Among them, N _p is the population size, t _max is the maximum value of the iteration, [] is the rounding of all decimals; B is a variable that decreases to 1 with the increase of the number of iterations.

10. a kind of method based on improved discrete whale algorithm solution according to claim 9 and obtain optimal dismantling sequence, it is characterized in that: in step A5, heuristic variation is intended to enhance algorithm local search ability, and step is as follows:

S5.5.1: Set the number of mutation N _m as half of the population;

S5.5.2: Randomly select a disassembled sequence seq from the disassembled sequence set with relatively small workload as a mutant individual;

S5.5.3: Randomly select the Mpth node from the selected mutant individual seq as the mutant node, and then find the position range where the node can be reinserted.

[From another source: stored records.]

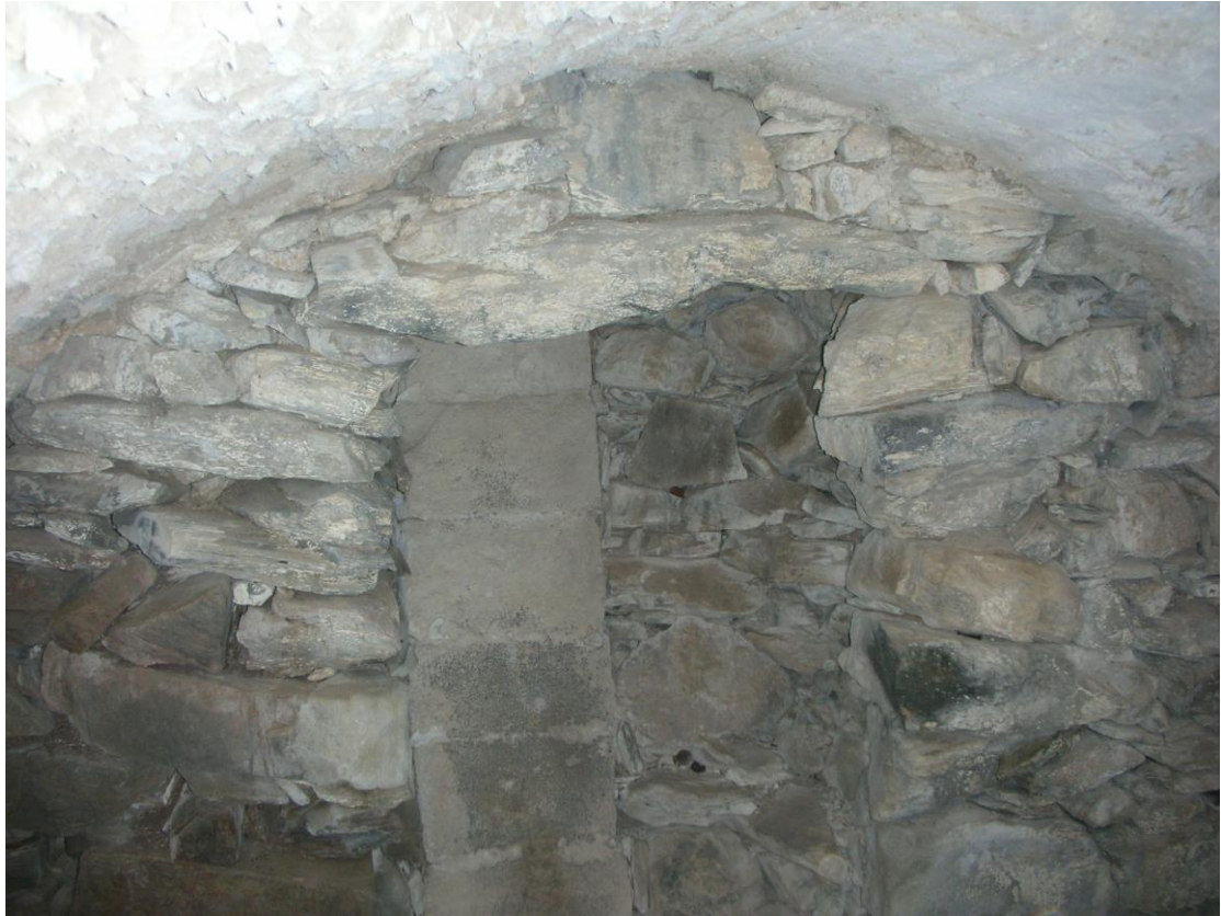
Φωτ. 7: Το βουτσι μέσα στο μύλο
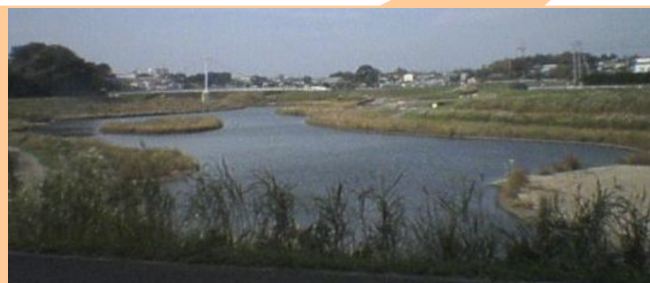
自然創出ゾーン(ピオトープ) 遠方には 鷺舞橋
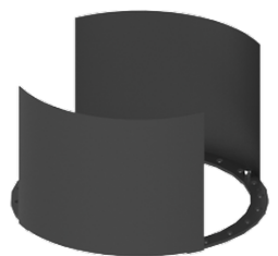
Light shield 90° A10831
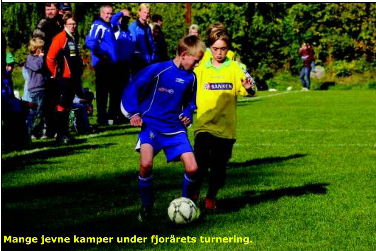
Mange jevne kamper under fjorårets turnering.
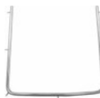
Ramă digă inox
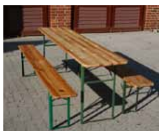
Tisch & Bank
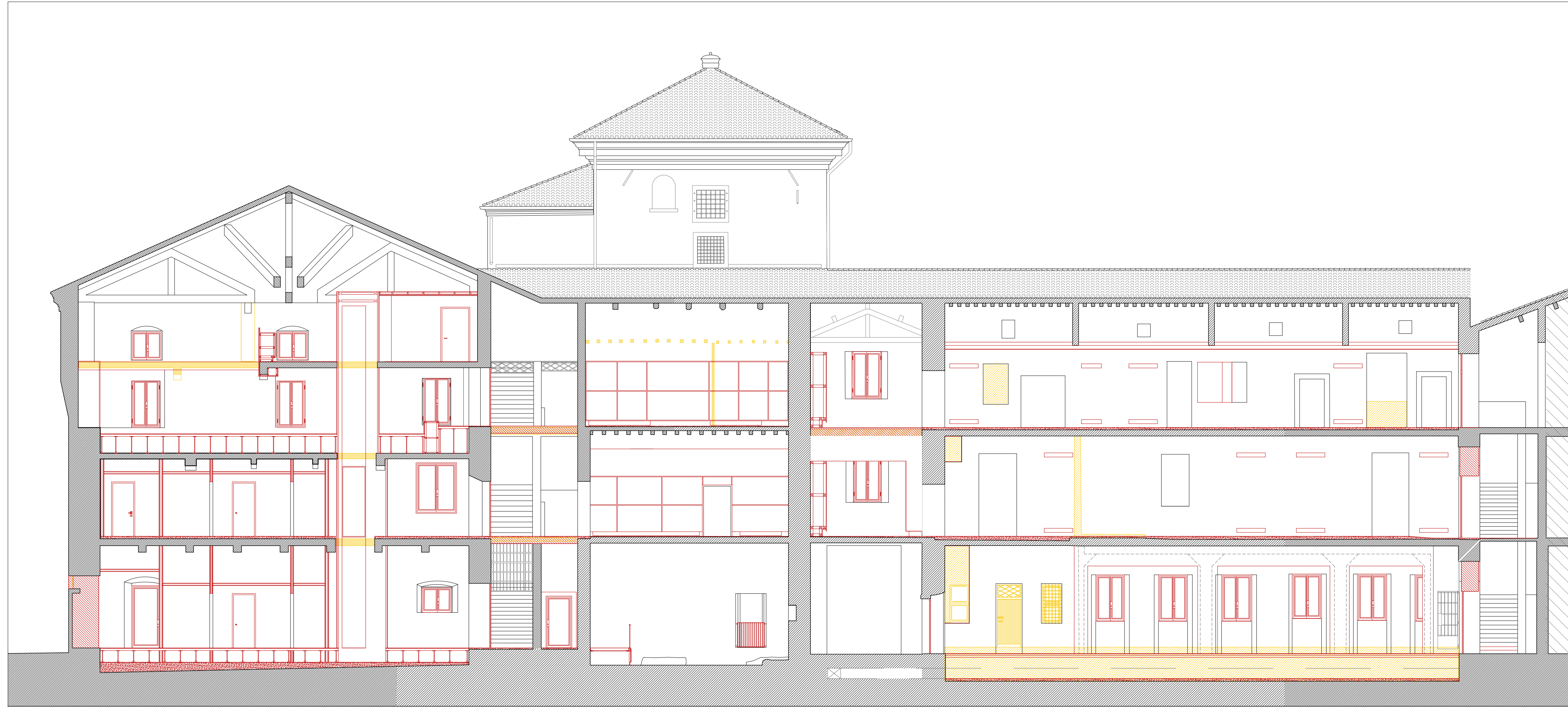
Sezione BB' - scala 1:100
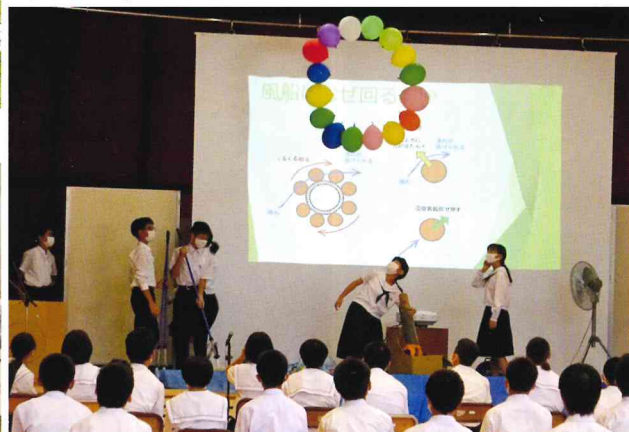
学校祭 School Festival
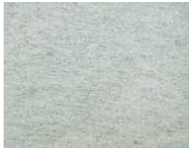
Beola Bianco Italienischer Gneis
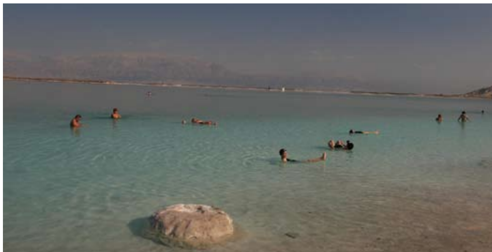
Das Tote Meer mit seinem hohen Salzgehalt - das abwechslungsreiche Israel hat den Jolies imponiert

Durch die jüdische Religion gibt es keine Einschränkungen bei der Behandlung. „Der Standard dort ist mit unserem Niveau vergleichbar, bei der Prophylaxe eher sogar höher“, sagt Jolie. Besonders die Prophylaxeschulungen für die Kinder hätten einen hohen Stellenwert. Amalgam
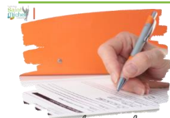
Fiche navette d'orientation

Les fiches navettes d'orientation ont été remises aux élèves cette semaine en heure de vie de classe. Elles portent l'appréciation du conseil de classe sur l'orientation demandée par la famille. C'est maintenant le cadre 3 que les familles sont invitées à compléter ( vœux définitifs classés dans l'ordre de préférence et l'établissement choisi ) et à signer par les deux représentants légaux.
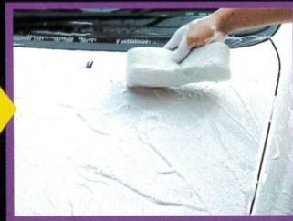
⑤スポンジで拭いて水アカも除去。水で洗い流して仕上げる。
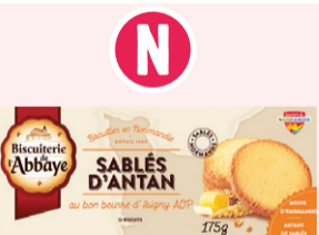
Sablés d'antan Beurre d'Isigny AOP - 175g
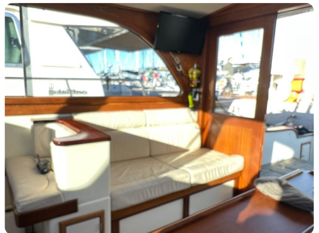
Liberty 35 salon detail
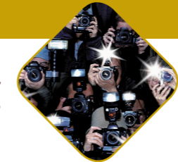
(מעובד ע"פ לקו"ש ח"ג עמ' 1011)

זהו, הבנתי. מהיום אשתדל עוד יותר לעזור לכל יהודי וללא בקשת תמורה!
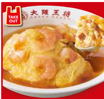
TAKE OUT エビ玉天津炒飯 スープ付 820円(税込)
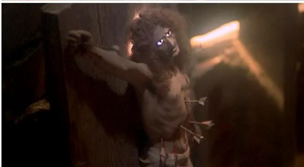
Slika 4 - Carrie (1976.) Margaret i ikona iz „ormara za molitvu“

Umjesto posljednjeg „pokajanja“, Carrie daje još jednu „pljusku“ majci i njenom religijskom fanatizmu koji je od Carrie White napravio izopćenicu, mučenicu, i na kraju ubojicu.
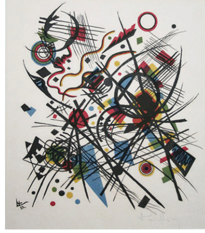
Resim 18. Wassily Kandinsky, 4. Bauhaus Dosyası'ndan, 1922, Litografi

von Jawlensky, August Macke, Gabriele Münter, Marianne von Werefkin, Lyonel Feininger, Christian Rohlf, Oscar Kokoschka, Max Beckmann, George Grosz ve Otto Dix gibi sanatçılar da Alman ekspresyonizmi çerçevesinde dışavurumcu grafiği, özgün baskıdaki (litografi, gravür, tahta baskı) başarılarıyla boyaresim düzeyine çıkarmışlardır. Grosz'un baskıları daha çok yayımcılığa yöneliktir. Sosyalist bir düzen kurma hevesiyle çizgisel karikatür ve mizah grafiği içeren litografileri çoğunluktadır. Kitlelere ulaşmak amacıyla savaş sonrasında bastığı taşbaskılarına “Politik Ders Kitapları” adını vermiştir. Alman ekspresyonizminin grafiği bir anlatım dili olarak kullanan en yetkin sanatçılarından Beckman çizgisel, karikatürize çalışmalarında grafik mizahı da başarıyla kullanmıştır.”Taşbaskılarındaki kesin biçimsel örgü sanki resimlerinin izlerini taşımaktadır.” ,
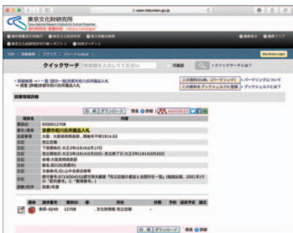
東京文化財研究所 蔵書検索 Library collection search of the Institute

Both literature and photographs are essential for art research. Since its establishment in 1930, the Institute has been collecting books and photographs on art. Bibliography information has been disclosed on the website of the Institute. However, the library information management system has been introduced anew, aiming for more effective dissemination of information. Furthermore, the digital archive of the art auction catalogues in Japan, which is the remarkable collection of the Institute, has been completed and released inside the Library. For access to the Library, please see page 29.
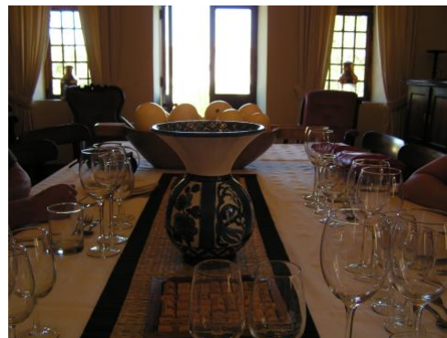
Grootte Post Dining Room

Nachmittags und Abends entspannen wir wieder in unserer Unterkunft am Atlantik.
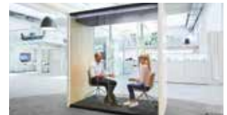
dialogue cube 2.0
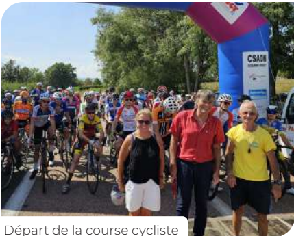
Départ de la course cycliste
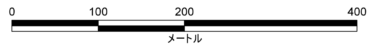
津波災害警戒区域 区域図

この地図は、北九州市長の承認を得て、同市都市計画課所管の測量成果を複製して作成したものである。(承認番号 平成29年北九建都計都第219号)
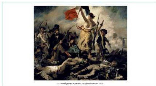
La Liberté guidant le peuple, d'Eugène Delacroix, 1830

La Liberté guidant le peuple - j'étudie une image
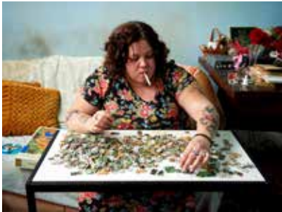
Ray & Liz Richard Billingham, Reino Unido, 2018, 107' De 1 V. 06 a 1 J. 12

Nada más extraño que la familia propia. Nada más mentiroso que un documental. Nada más cierto que una ficción. Nada más inexacto que una afirmación tajante. Recibimos en Cineteca una de las grandes películas de la temporada, RAY & LIZ , del fotógrafo británico Richard Billingham.
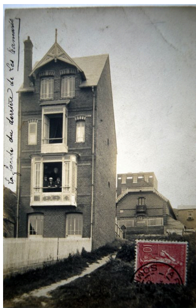
La façade sur mer, carte photo, 1er quart 20e siècle (coll. part.) IVR22_20058000619XAB
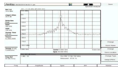
Gambar 3. Hasil Pengukuran Bandwidth Radar Cuaca BMKG Gorontalo

Gambar 2. Hasil Pengecekan Gangguan yang Terjadi pada Frekuensi yang Ditetapan untuk Radar Cuaca BMKG Provinsi Gorontalo Berdasarkan data pada Gambar 2 dapat diketahui bahwa saat terjadi gangguan maka level sinyal akan semakin bertambah atau mengalami perubahan dari level sebelumnya. Adapun hasil pengukuran bandwidth radar cuaca BMKG Gorontalo ditampilkan pada Gambar 3.
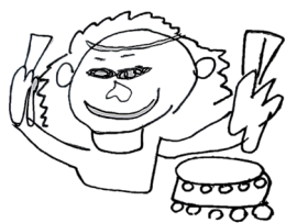
「たいこをやったよ」

三年生は、「四季の歌」を発表しました。僕は、冬組でした。帽子の踊りをやりました。帽子をかぶるのが、上手にできました。ナレーターのを覚えて言えました。楽しかったです。
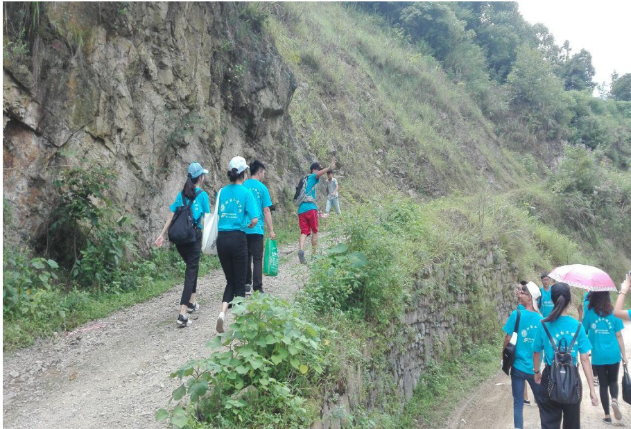
调研组在去调研的路上
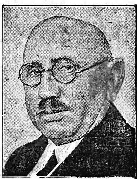
Der Schlichter im Ruhrkonflikt

erst am 15. Januar wirksam wird, bleibt hierfür auch noch hinreichend Zeit.
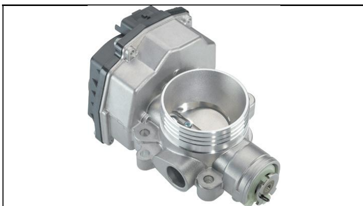
1 - Produkt / Product
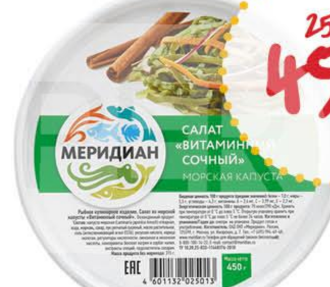
Салат из морской капусты МЕРИДИАН Витаминный
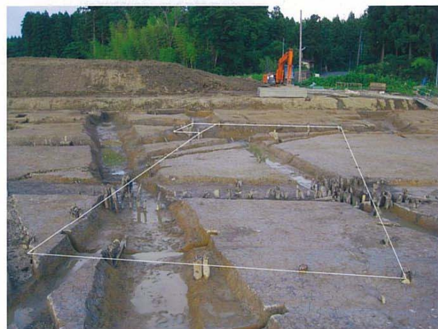
掘立柱建物（西から）

ピット 260、270グリッド、24Rグリッド付近にやや多く集中します。規模が大きく深いものもありますが、柱穴列や掘立柱建物になっていません。
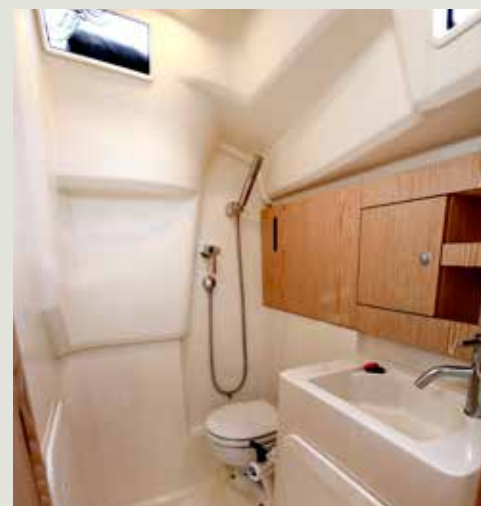
Toiletruimte met handdouche en grote wastafel.
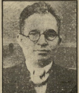
רוצח מיזואן הודאה בבית-חולים לחולי-נפש

בפסח 1982 יצאה ילדה בת 5 מביתה כפתח-חיקוניה לקיוסק, מהלך חמש דקות מביתה. היתה זו שעת צהריים והחור היה רב. הילדה הלכה לקנות גלידה. כאשר היתה הילדה
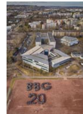
20 Jahre Bertolt-Brecht-Gesamtschule in Bonn

Doch Fordern und Fördern ist nicht nur das Motto für die Klassen des Gemeinsamen Lernens. Auch in den anderen Klassen sind die Lernvoraussetzungen sehr unterschiedlich. Das ist der Grund dafür, dass seit vier Jahren „SEGELN“ auf dem Stundenplan steht. Dabei ist Segeln eigentlich kein Fach, sondern ein Lernkonzept: SEGELN steht für Selbstgesteuertes Lernen. Damit geben die Lehrer eine Antwort auf drängende Fragen: „Wie schaffen wir eine Lernkultur, die Schüler individuell fördert, ihre unterschiedlichen Lernausgangslagen berücksichtigt, die besonders begabte Schüler fördert? Wie können benachteiligte Schüler, die zuhause weniger unterstützt werden, das Lernen lernen?“ Gemeinsam entwickelten Lehrer Strukturen für eine Lernzeit, in der die Schüler selbstständig und differenziert lernen und üben können. Die Lehrer sind im SEGELN Beobachter und Berater der Schüler; Klassenräume sind flexibel auf die Lernzeiten angepasst worden und regen in ihrer Gestaltung das Arbeiten der Kinder an.
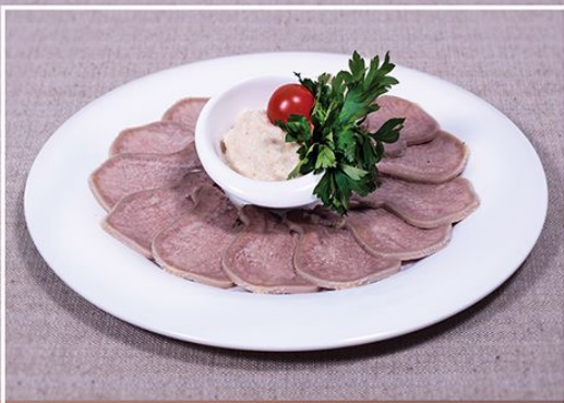
Говяжий язык с хреном (язык говяжий отварной, хрен)
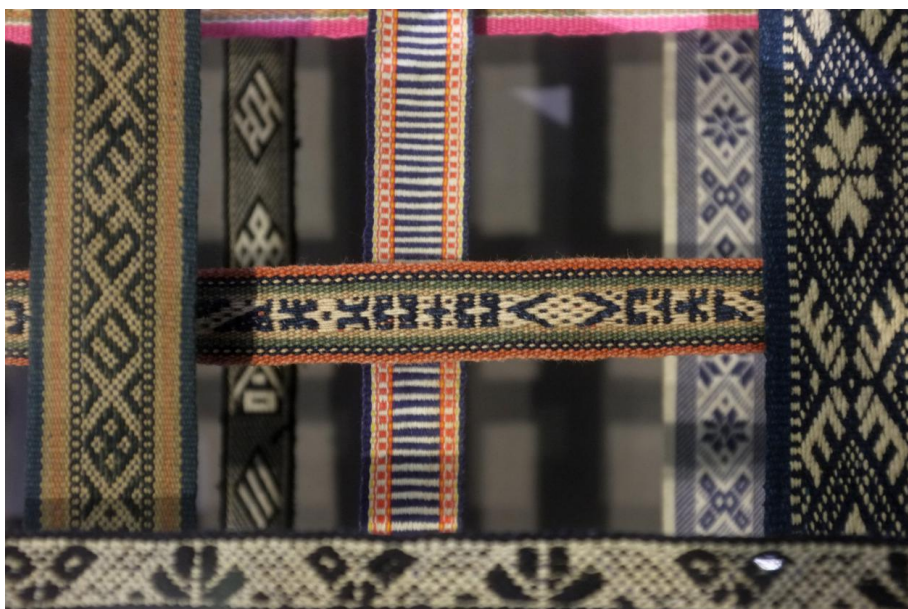
中国丝绸博物馆馆藏畲族织锦带

畲族传统《带子歌》这样唱道：“一条彩带斑又长，丝线拦边自己织，送给郎哥缚身上，看到带子看到娘。”这段民歌表明了织锦带作为畲族男女的定情信物，由姑娘亲手编织，被赋予美好寓意，是具有驱邪庇佑祝福的吉祥物，这也是彩带的重要功用。
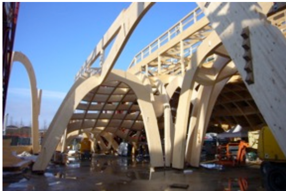
Pavillon français à l'exposition universelle de Milan, X-TU Architectes

Grâce à un programme inégalé de conférences centrées sur l'actualité de la construction bois en France, grâce à l'espace d'exposition qui constitue un concentré de compétences, grâce à un cadre convivial qui facilite les échanges et les prises de contact, ce rendez-vous apporte au monde français de la construction bois un service essentiel à l'épanouissement de cette filière émergente du monde de la construction. Maîtres d'ouvrages publics et promoteurs, architectes, ingénieurs, économistes et maîtres d'œuvre; fabricants, industriels et fournisseurs ; constructeurs bois, charpentiers, menuisiers et entrepreneurs, chercheurs et formateurs se retrouvent au Forum qui joue ainsi son rôle de carrefour professionnel d'idées et d'affaires.
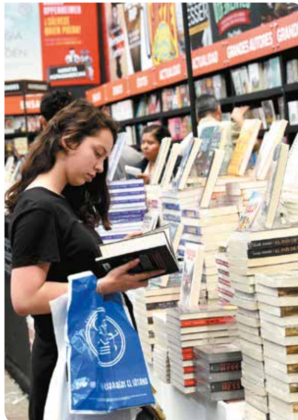
El Colegio exhibió una muestra de sus publicaciones.
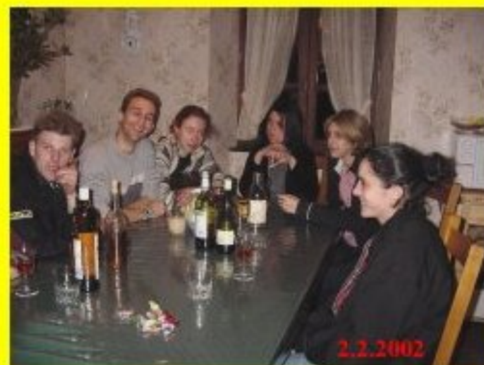
la randonnée du dimanche...
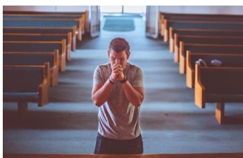
Mann – beten
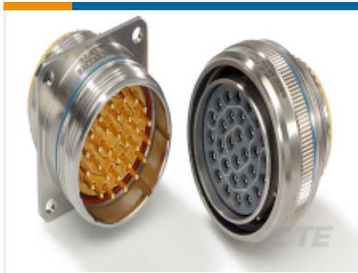
TE 产品编号ZPF100000000009141 983-7SE 14-15 PN-L
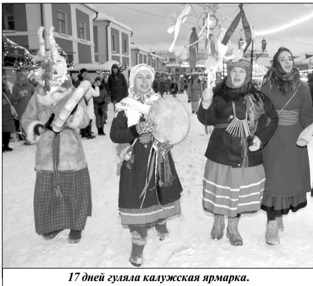
17 дней гуляла калужская ярмарка.

«Ярмарка дала возможность заработать, сделать дополнительную рекламу бизнесу и оценить, как работает наша команда. Выездная торговля – это мобильность, оперативность и готовность к любым обстоятельствам. Благодаря участию в мероприятии появилась уверенность, что мы можем развивать бизнес, открывать новые точки продаж», – рассказал руко-
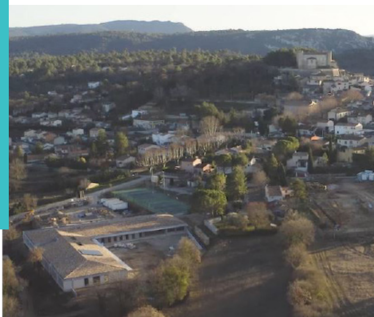
Sobriété des lignes architecturales du groupe scolaire pour mieux s'intégrer dans notre environnement

In order to reduce the number of judgments, first, check the seq(Mp)th column in the constraint matrix, The node number of the column corresponding to the record data equal to 1 is used as the starting node set Start, the seq(Mp) row of the constraint matrix is checked, and the node number of the row corresponding to the record data equal to 1 is used as the end node set End; then check the dismantling sequence seq, Then the insertable position is the insertable position after the node in the Start collection and before the node in the End collection;

S5.5.4: Calculate the value of the workload corresponding to all insertable positions, and keep the individual H _best with the smallest workload for updating the population;

S5.5.5: Repeat S5.5.2 to S5.5.4 for a total of N _m times to complete the variation between two generations of a population.